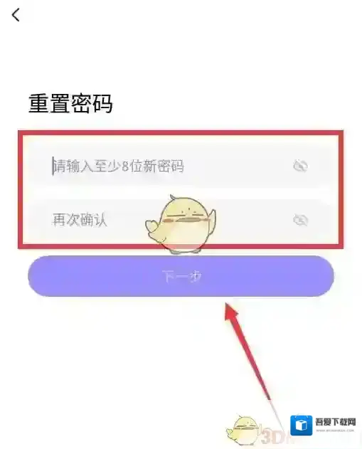 4、然后填写两次新密码,点击“下一步”即可修改成功。
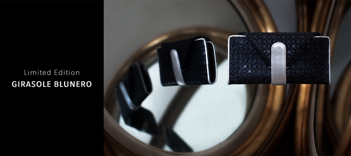 「GIRASOLE(ジラソーレ)」の一見金網のように見える連続的な模様の素材は、箔押しをした牛革に、型押しと型抜きを同時に施したブランドの人気商品です。今回の限定品「GIRASOLE BLUNERO」(ジラソーレ ブルネーロ)」ではブルーと交じり合い漆黒へと変化していくインクのようなブラックに、マットなシルバーを組み合わせました。いつでも新しい顔を見せてくれるベストセラー「ジラソーレ」の限定色を今年もお楽しみください。
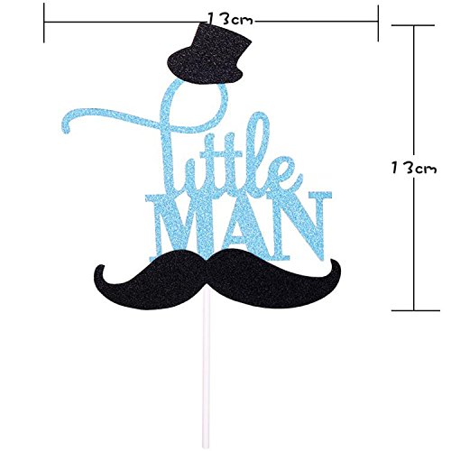 - Glitter blue with black mustache Little Man cake topper
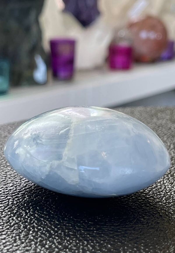 In een ruimte zorgt Blauwe Calciet ervoor dat we beter met elkaar kunnen omgaan. Het beschermt tegen negatieve energie en bevordert de communicatie.
◇ ◇ ◇ ◇ ◇ ◇ ◇
● TASK REQUIREMENTS: The material above is to be set down exactly, with pictures removed.

● SOLUTION TO THIS EXERCISE:
 4、然后填写两次新密码,点击“下一步”即可修改成功。
 「GIRASOLE(ジラソーレ)」の一見金網のように見える連続的な模様の素材は、箔押しをした牛革に、型押しと型抜きを同時に施したブランドの人気商品です。今回の限定品「GIRASOLE BLUNERO」(ジラソーレ ブルネーロ)」ではブルーと交じり合い漆黒へと変化していくインクのようなブラックに、マットなシルバーを組み合わせました。いつでも新しい顔を見せてくれるベストセラー「ジラソーレ」の限定色を今年もお楽しみください。
 - Glitter blue with black mustache Little Man cake topper
 In een ruimte zorgt Blauwe Calciet ervoor dat we beter met elkaar kunnen omgaan. Het beschermt tegen negatieve energie en bevordert de communicatie.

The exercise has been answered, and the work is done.